Today we talk about yet another great township in Pretoria, but this one is one that carries within it a precious gem which is a piece of our country’s history. At first glance one wouldn’t think that it carries so much treasure in terms of buried memories and stories of a trying time in our land. A time of war in an attempt to achieve peace, a time of true trials and tribulations for black people. This place is another underdog in terms of historical sites but it is a huge part of our history, a living time capsule. I am talking about none other than Atteridgeville.
According to Wikipedia the history of how Atteridgeville came about is one of the very few we hear in terms of partnerships between whites and blacks in the days of the struggle. One white woman stood firm in fighting for black people to have better living conditions and all that resulted in the building of the community.
History: Atteridgeville was established by the government in 1939 as a settlement for black people by the government, after much protesting by Mrs Patricia Atteridge who was the chairwoman of Non- European affairs on the city council at the time. Atteridgeville was established nine years prior to the voting in of the apartheid government in 1948. The first occupants were moved from Marabastad on the 26th of May 1940. Mrs Atteridge who was also a philanthropist, black sash activist and the deputy mayoress of Pretoria, attempted to improve the living conditions of all black people who were previously living under very dirty and unpleasant conditions in Marabastad. Atteridgeville provided amenities such as brick housing, lighting and toilets, later so as to living standards the township was connected by train to Pretoria CBD. Schools, creche and clinics were established thereafter.

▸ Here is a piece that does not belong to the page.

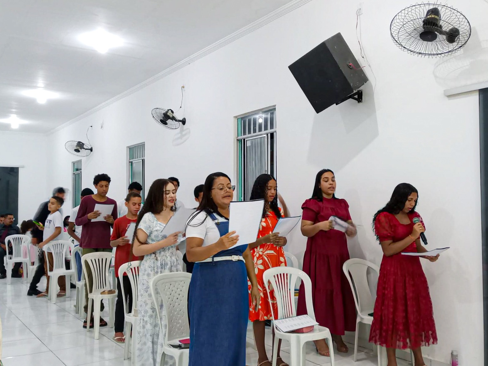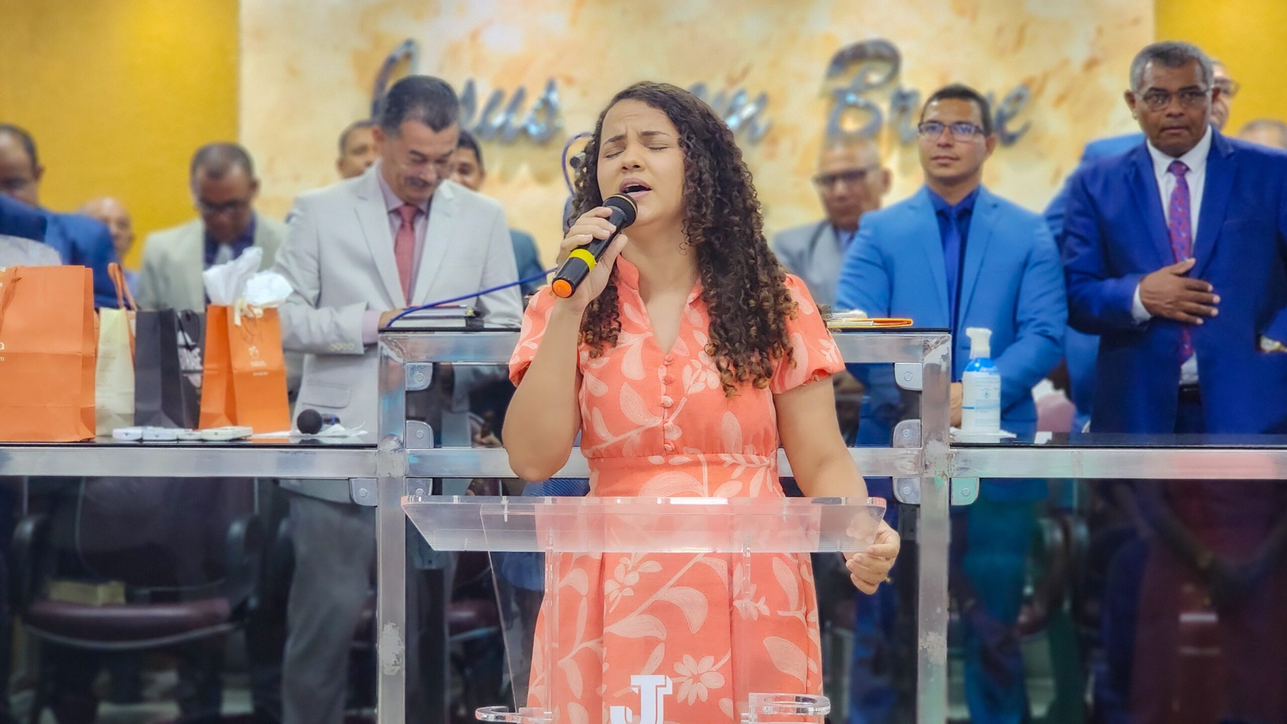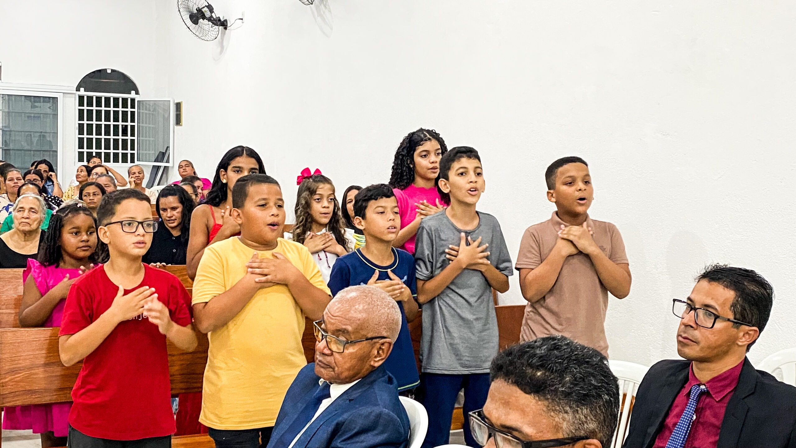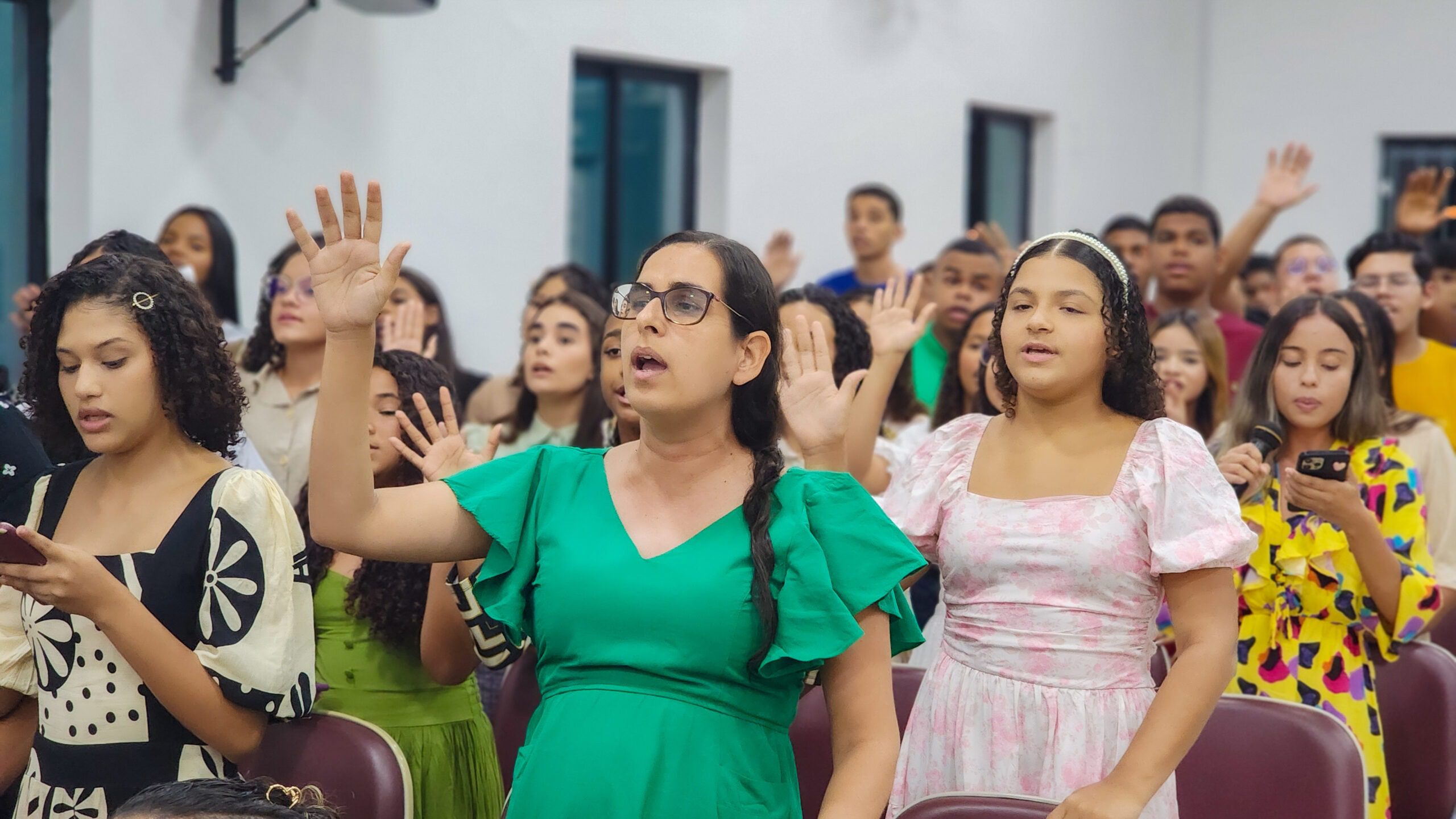 O culto teve louvores dos departamentos de crianças, jovens, senhoras, senhores e da cantora Thalia Dantas (templo sede).

The naming of the township was in fact suggested by blacks themselves who also requested that Mrs Atteridge represent them in parliament which she refused because she was reluctant to participate in an exclusionary regime. Between 1946 and 1949 more than 1500 houses were built for people relocated from Marabastad, Bantule and other areas around Pretoria.
Although the establishment of Atteridgeville was under good intentions it wasn’t spared the troubles of the hard times that hit our country. The 1984 school boycotts and general unrest when demands by the Congress of South African Students to implement democratic representative councils in schools were rejected by the Department of Education and Training. The schools were suspended for the better part of 1984 and exams were not written by all high school learners.
Today Atteridgeville stands to be one of the most relaxed townships in Pretoria, with a vibe that cannot be copied it has various places where people come together to enjoy a simple beer or meat on the grill, there is history in each brick, every house that stands there today has a story to tell. A story of building a community from the ashes of our struggles. It was once a war zone with all individuals fighting the good fight. It’s safe to say Pretoria has its own version of Soweto.